The year I graduated Temple, Villanova stunned Georgetown to take the national title. The Wildcats got back to the Final Four last year. Even St. Joe’s—which hardly has the recruiting juice of a Duke, or even a Gonzaga—had made it to the Final Four more recently than we have (1961), and came within a hair of making it as recently as 2004. And don’t hand me this nonsense about how the mid-majors can’t recruit, so only the power conferences can compete in the end. Yes, I am as sick as you are of hearing how “brilliant” Mike Krzyzewski is when he gets to sign every McDonald’s All-American ever born. But how does your NCAA bracket look this year? Took Northern Iowa, did you? You had Cornell? Locked in Saint Mary’s? Say what you want about President Obama, but he’s obviously got some good judgment going: He took Cornell in the first round.
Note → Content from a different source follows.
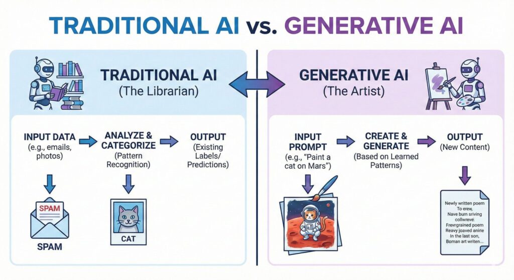If I had to describe the difference between traditional AI (Discriminative AI) and Generative AI in one sentence, it would be the difference between a Librarian and an Artist.

The beauty of the NCAA Tournament — why it’s so addictive, and why so many secretaries in the accounting department end up winning the office pool — is precisely because of this kind of unpredictability. We already know at the start of the season that the Kansas City Royals are toast, or that the Detroit Lions are goners. Today we know before the curtain comes up who is going to win Best Actor and Best Actress at the Academy Awards. We know before the first votes are cast who is going to win most elections. Not so in the NCAAs. That’s why it’s called Madness. You can never be certain when a Kansas is going into the tank, or when a George Mason — which took its Cinderella journey to the Final Four just four years ago — is going to come out of nowhere to take a sledgehammer to everybody’s brackets. Unless, of course, you’re talking about Temple. Then it’s a foregone conclusion. Another “great season,” another “we’ll be back,” another broken promise.

No thanks, Fran. This time, I’m taking my ball and going home.

MICHAEL CALLAHAN is Philly Mag’s articles editor.